Task objective: Transcribe exactly, and only, the lines running from the one that contains "Teenie Weenie Kids" through the last line of the material. No pictures.

*** Information ***

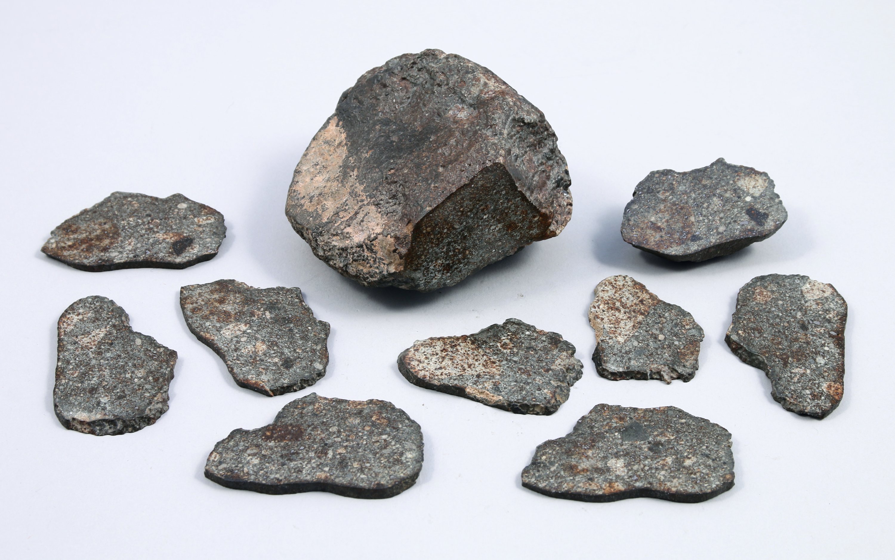 Joint: Huit TRANCHES entières de MÉTÉORITE L4/5. Une face polie, l'autre naturelle. 166,8 g. Météorite très bien préservée.
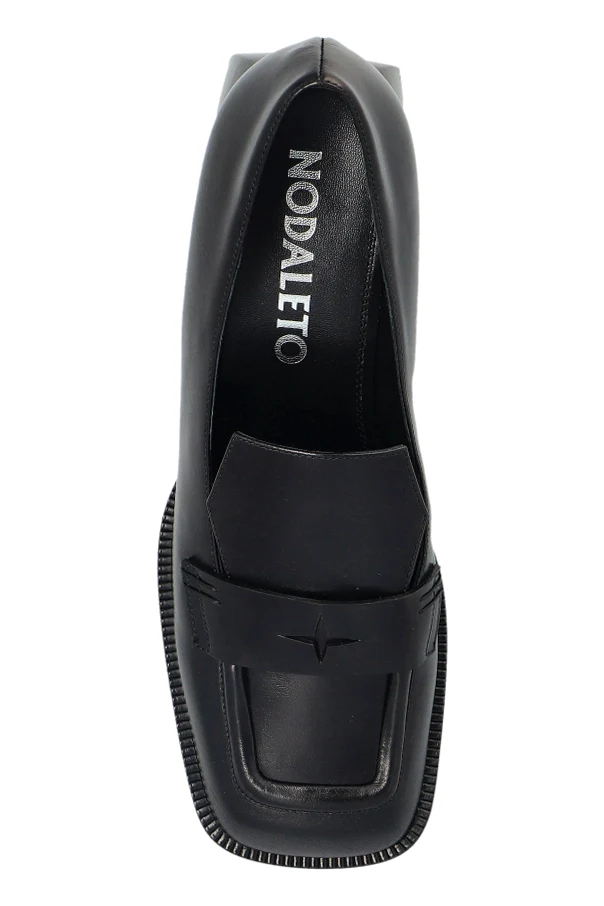 The sleek, high-gloss black leather creates a dramatic silhouette, accentuated by a square, gently rounded toe for a modern yet timeless profile. A singular horizontal strap, detailed by a subtle cross-shaped cutout, elevates the minimalist design, while the interior bears a prominent silver “NODALETO” inscription, unmistakably defining its premium pedigree.
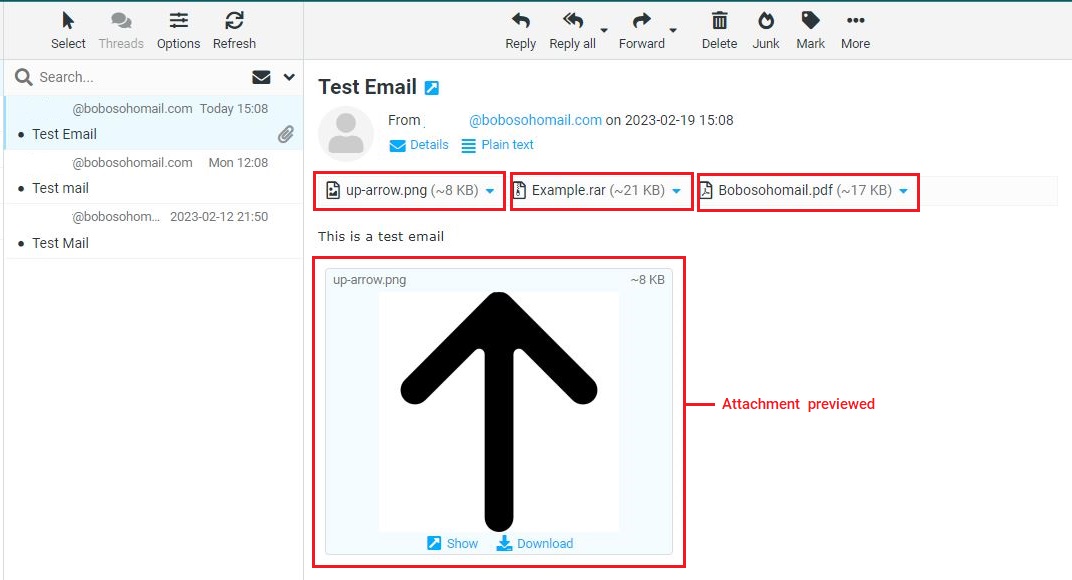 If the opened message has any files attachments, these are listed on the right, next to the message text. Click on the file name to open or download it. If the file can be displayed directly in the web browser, a preview window will be opened showing the attachment. This will happen for images, text files, and PDFs if your browser indicates being able to display them.
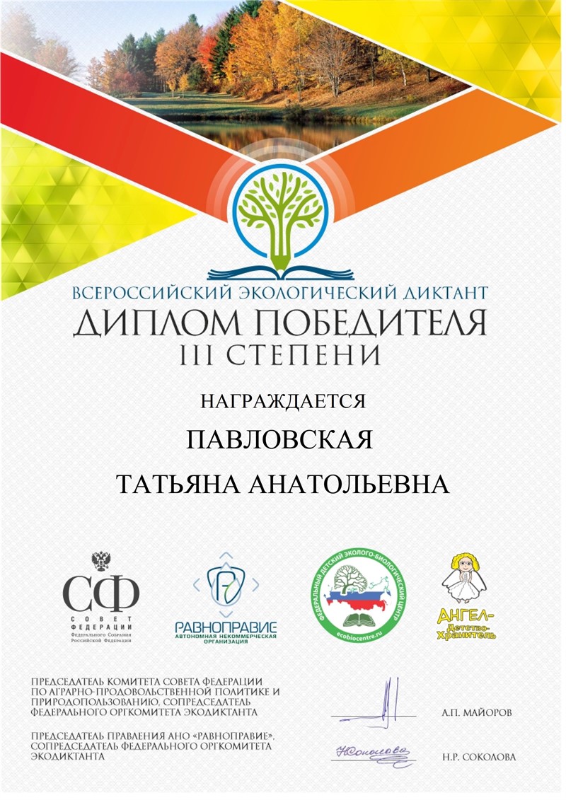 Всероссийский экологический диктант завершён! Участие в Экодиктанте повышает уровень экологической грамотности сотрудников организаций всех отраслей на территории 85 регионов России. В зависимости от количества набранных баллов участники получили в электронном виде сертификат участника или диплом победителя I, II, III степеней. Поздравляем Павловскую Татьяна Анатольевну, педагога дополнительного образования Дворца творчества!
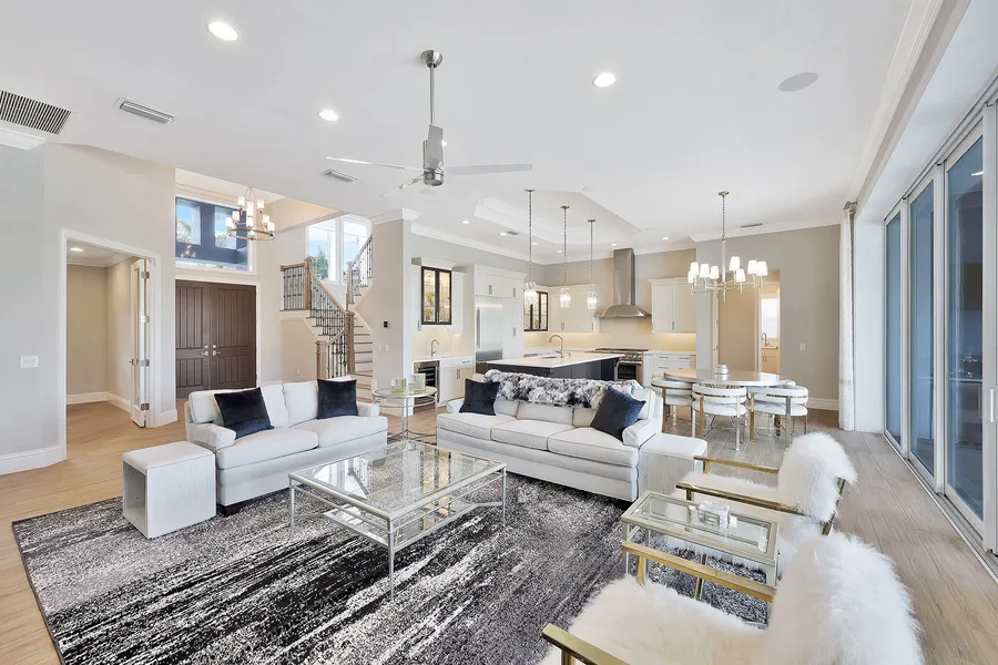 Look no further! Contemporary Water Direct 4 bedroom plus den, 4 bathroom custom home built in 2019. The property features a private dock with boat and jet ski lifts, giving you the freedom to explore the open waters whenever your heart desires. On entry to the property you will appreciate the open floor plan offering a contemporary great room with upgraded quartz countertops, Thermador gas stove and a hidden walk- in pantry. The Impact pocket sliders create a seamless transition as the great room opens up to the inviting outdoor living area offering a private pool, spa and built in outdoor kitchen. The ground floor offers a master suite, den, guest bedroom & bathroom and a large laundry room. A beautiful staircase leads you upstairs to the first floor living area which opens onto an open patio which offers breathtaking views down the canal. Two guest bedrooms and two full bathrooms comp...
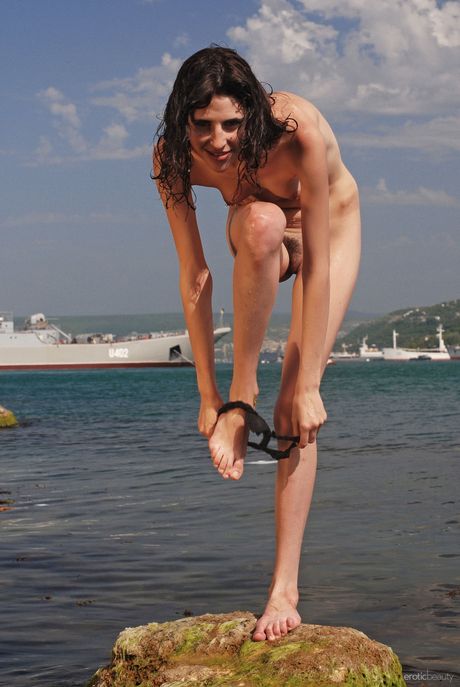 Erotic Beauty: 娇嫩少女 Ksu 在海滩上展示她的小乳房并摆出裸体姿势
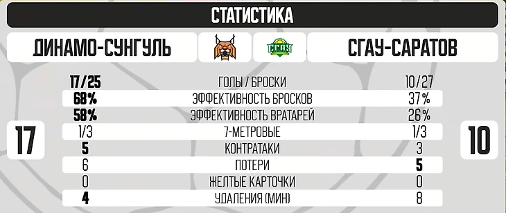 Не смотря на спасения Никабадзе, к 19-й минуте «Сунгуль» довел разрыв до семи мячей. Развивать разницу не позволял все тот же голкипер гостей, добавив еще несколько отражений в свою копилочку, включая броски с пенальти в исполнении «грозы» «Чеховских медведей» Павла Демакова и Александра Коваленко. Несколько ошибок со стороны хозяев дали шанс волжанам подобраться поближе, на расстояние в пять точных бросков. Тогда брать тайм-аут пришло время Дмитрия Карлова. Сработало - на перерыв команды ушли все при тех же плюс семи в пользу «Сунгуля». Посмотрите в цифры по итогам первого тайма – эффективность бросков выше у хозяев почти в два раза, а уж про Владислава Мартыненко и говорить то нечего -58% надежности. Просто феноменальные проценты.
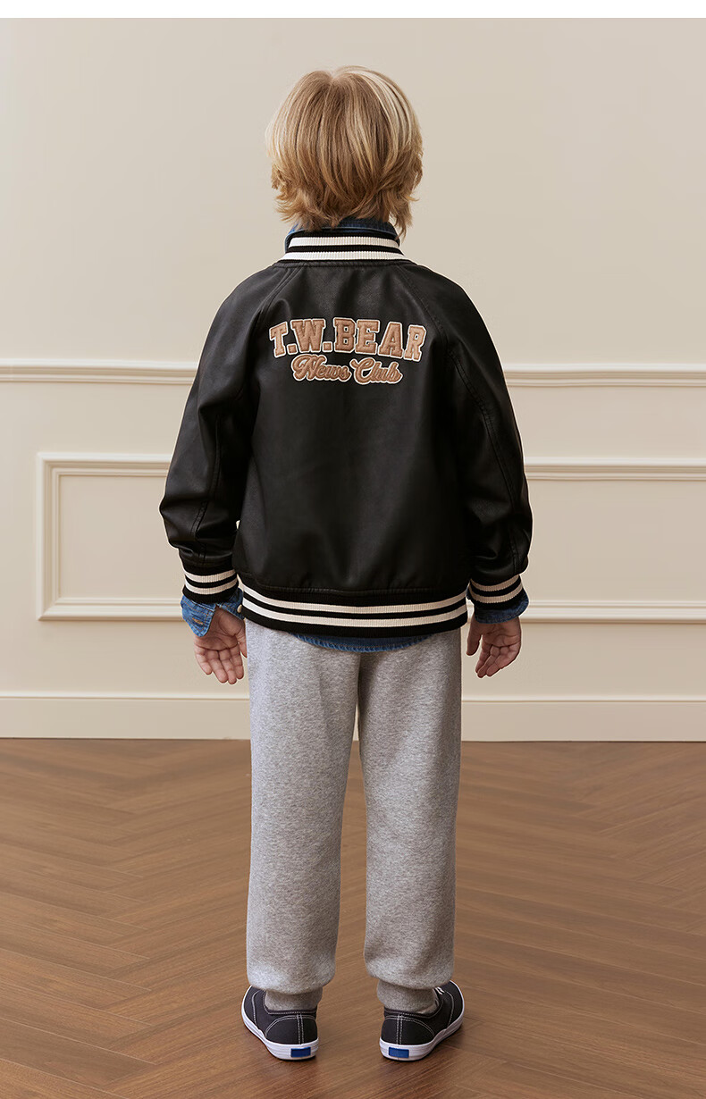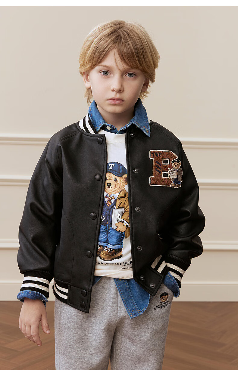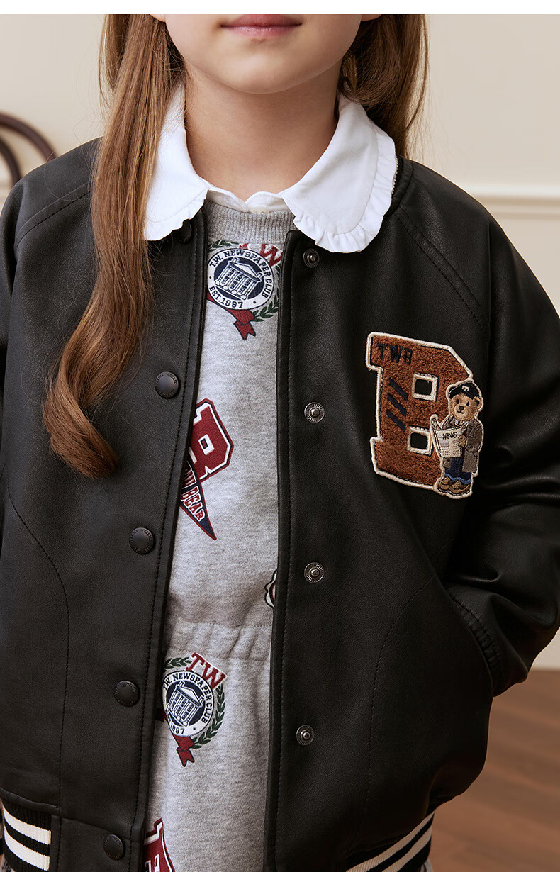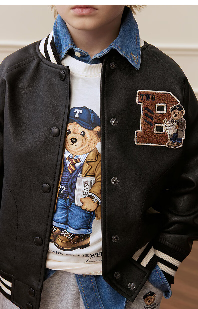 Teenie Weenie Kids 25 new style autumn boys and girls fashion baseball collar jacket black 140cm
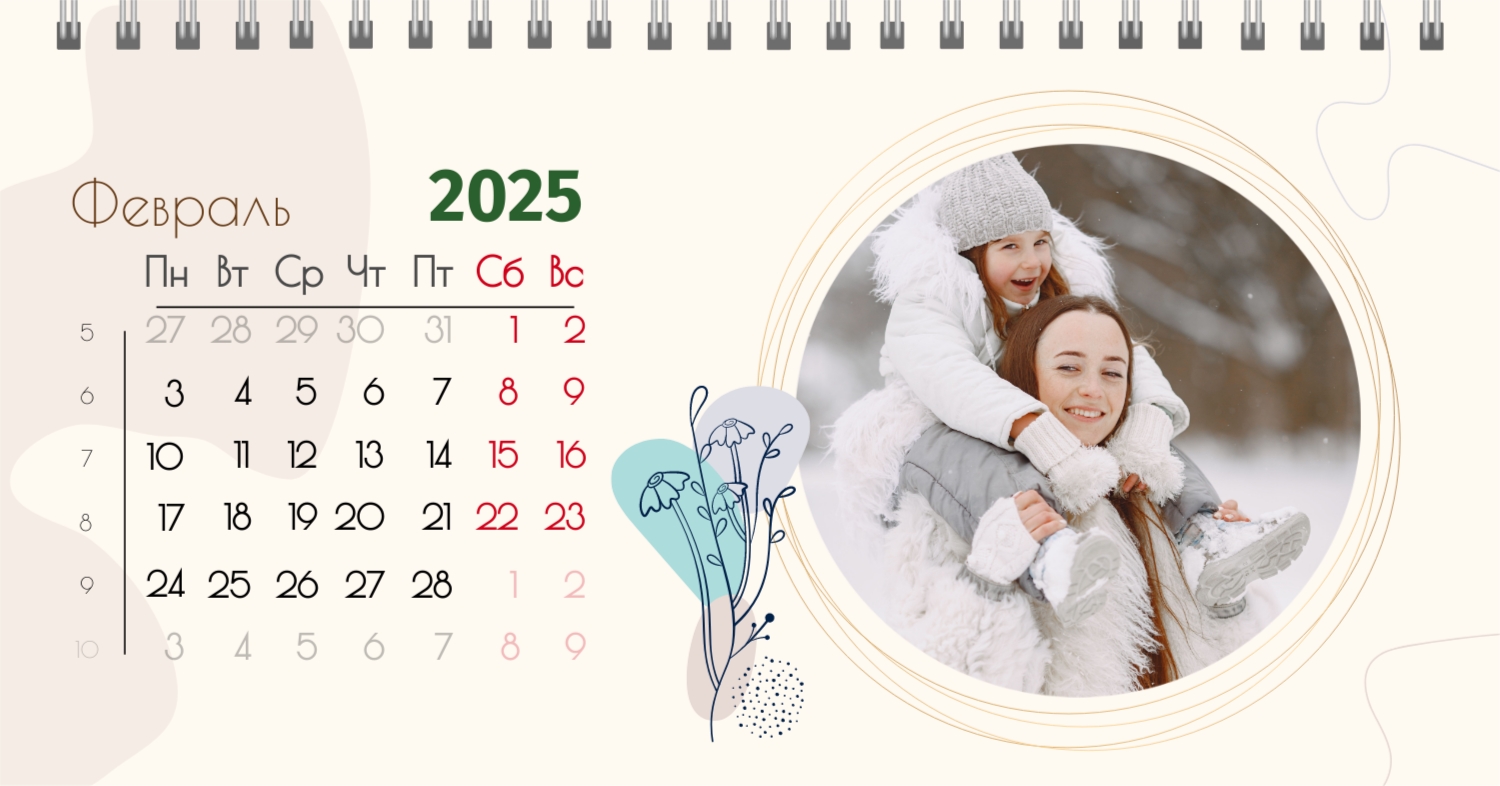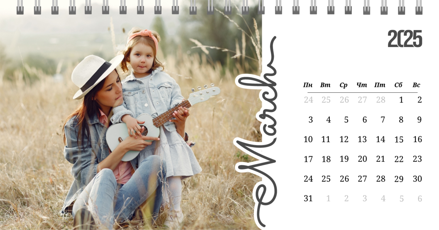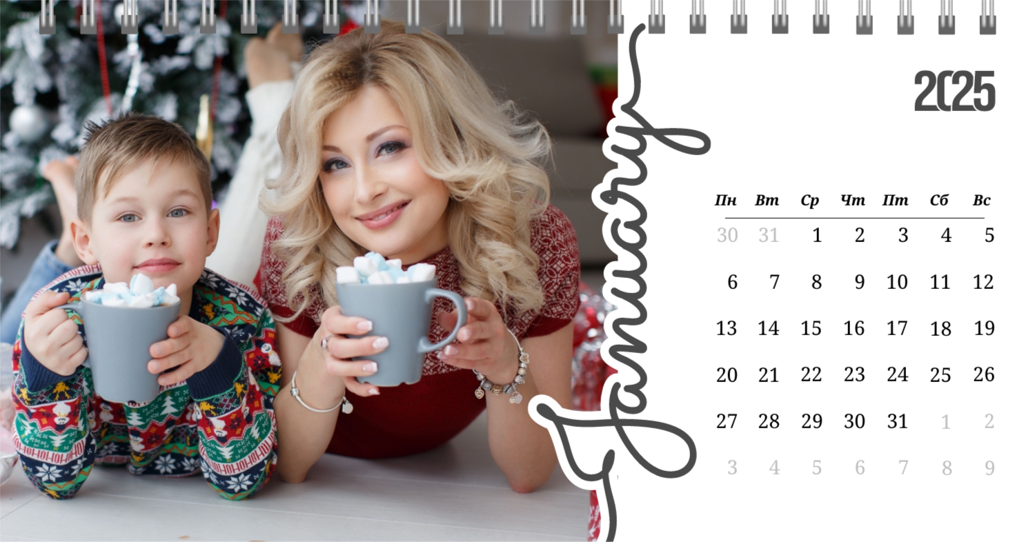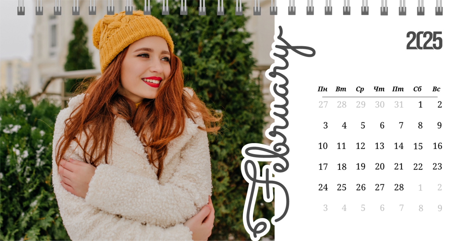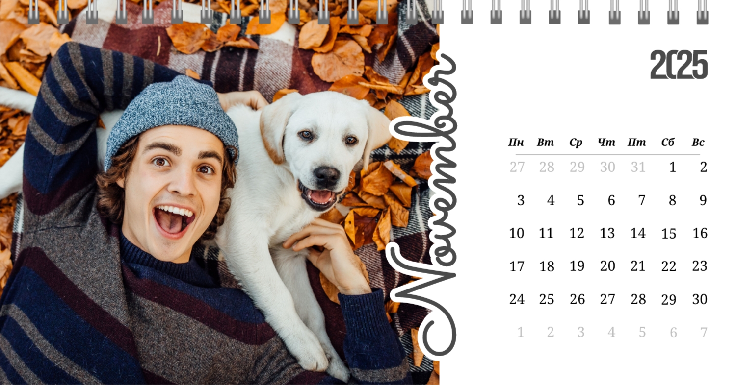 Бесплатный шаблон календаря c лучшими воспоминаниями влюбленной пары. Создайте макет своими руками в конструкторе календарей.
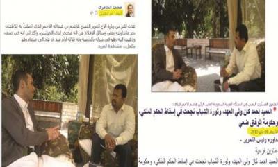 وردا على اخبار نشرت على نطاق واسع خلال الايام القليلة الماضية وافادت بان الشيخ القبلي "هاشم الاحمر" وهو نجل الشيخ القبلي المتوفي "عبدالله بن حسين الاحمر" وقع في الاسر لدى جماعة الحوثي في اليمن قبل اكثر من اسبوع قام الصحفي "محمد الخامري" وهو رئيس تحرير صحيفة "ايلاف" اليمنية المقربة من جماعة الإخوان المسلمين بنشر صورة له تجمعه بالشيخ "هاشم الاحمر" نافيا صحة الانباء المنشورة عن تعرضه للآسر.

***

Solution for this task:
 Teenie Weenie Kids 25 new style autumn boys and girls fashion baseball collar jacket black 140cm
 Бесплатный шаблон календаря c лучшими воспоминаниями влюбленной пары. Создайте макет своими руками в конструкторе календарей.
 وردا على اخبار نشرت على نطاق واسع خلال الايام القليلة الماضية وافادت بان الشيخ القبلي "هاشم الاحمر" وهو نجل الشيخ القبلي المتوفي "عبدالله بن حسين الاحمر" وقع في الاسر لدى جماعة الحوثي في اليمن قبل اكثر من اسبوع قام الصحفي "محمد الخامري" وهو رئيس تحرير صحيفة "ايلاف" اليمنية المقربة من جماعة الإخوان المسلمين بنشر صورة له تجمعه بالشيخ "هاشم الاحمر" نافيا صحة الانباء المنشورة عن تعرضه للآسر.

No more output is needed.